|Born||Erza Hervey Heywood
September 29, 1829
|Died||May 22, 1893
Heywood saw what he believed to be a disproportionate concentration of capital in the hands of a few as the result of a selective extension of government-backed privileges to certain individuals and organizations.
He believed that there should be no profit in rent of buildings. He did not oppose rent, but believed that if the building was fully paid for that it was improper to charge more than what is necessary for transfer costs, insurance, and repair of deterioration that occurs during the occupation by the tenant. He even asserted that it may be incumbent on the owner of the building to pay rent to the tenant if the tenant keeps his residency in such a condition that saved it from deterioration if it were otherwise unoccupied. Heywood believed that title to unused land was a great evil.

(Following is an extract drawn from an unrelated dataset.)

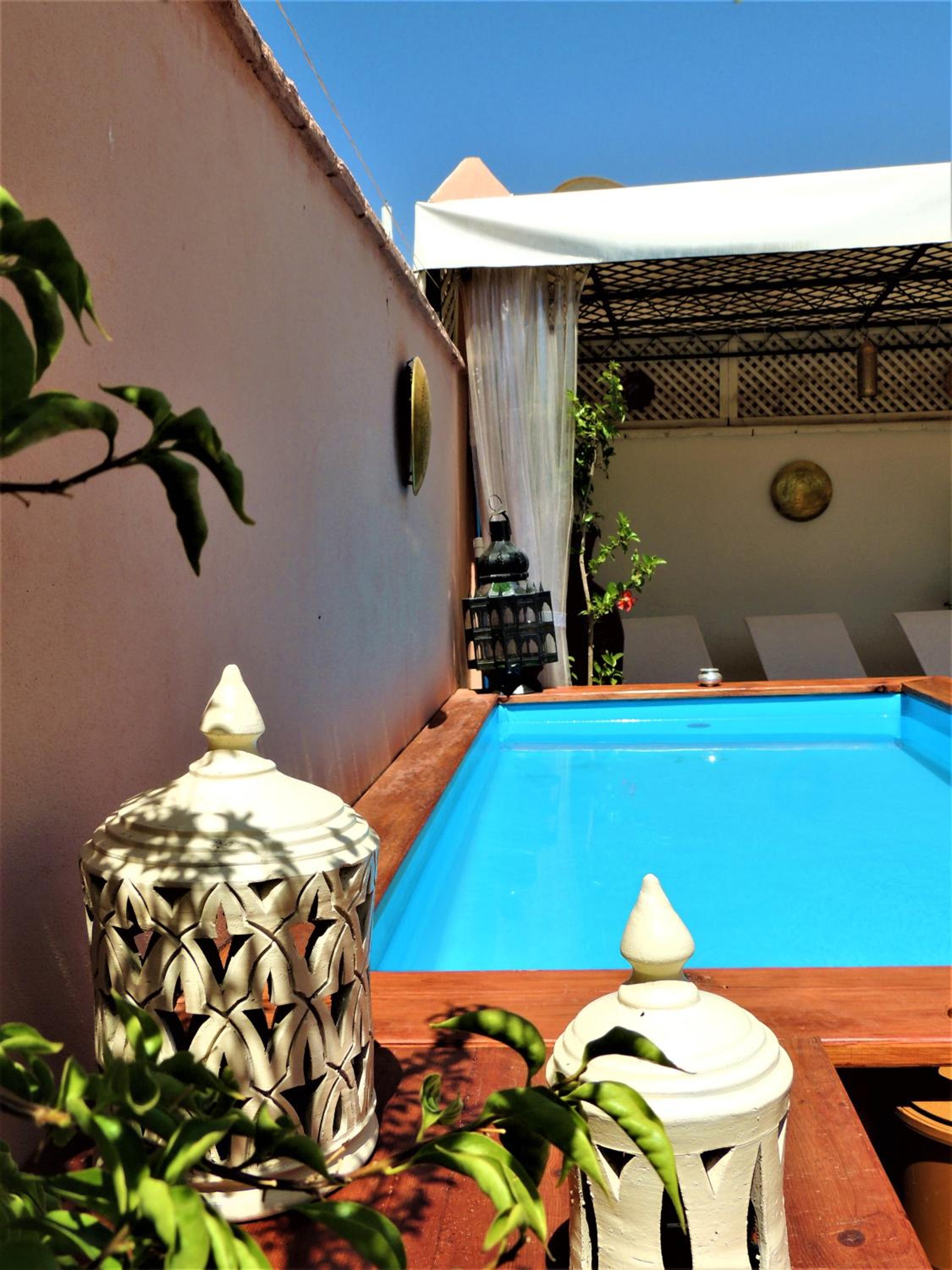 Experience luxury at Riad Tizgui Celine with a rooftop pool and a bar, perfect for unwinding after a day of exploring Marrakech. The air-conditioned accommodation, just 700 meters from Djemaa El Fna, offers a 24-hour front desk, full-day security, and currency exchange for your convenience.

Heywood's philosophy was instrumental in furthering individualist anarchist ideas through his extensive pamphleteering and reprinting of works of Josiah Warren, author of True Civilization (1869), and William B. Greene. In 1872, at a convention of the New England Labor Reform League in Boston, Heywood introduced Greene and Warren to eventual Liberty publisher Benjamin Tucker.
In May, 1872 Heywood, a supporter of women's suffrage and free love activist Victoria Woodhull's free speech rights, began editing individualist anarchist magazine The Word from his home in Princeton, Massachusetts. He was tried in 1878 for mailing "obscene material" – literature attacking traditional notions of marriage – at the instigation of postal inspector Anthony Comstock. Convicted of violating the 1873 Comstock Act, he was sentenced to two years' hard labor.
He was pardoned after six months by President Hayes in response to massive protests by sympathizers and free speech advocates. Arrested four more times following his release, Heywood died of tuberculosis within a year of his final release from prison.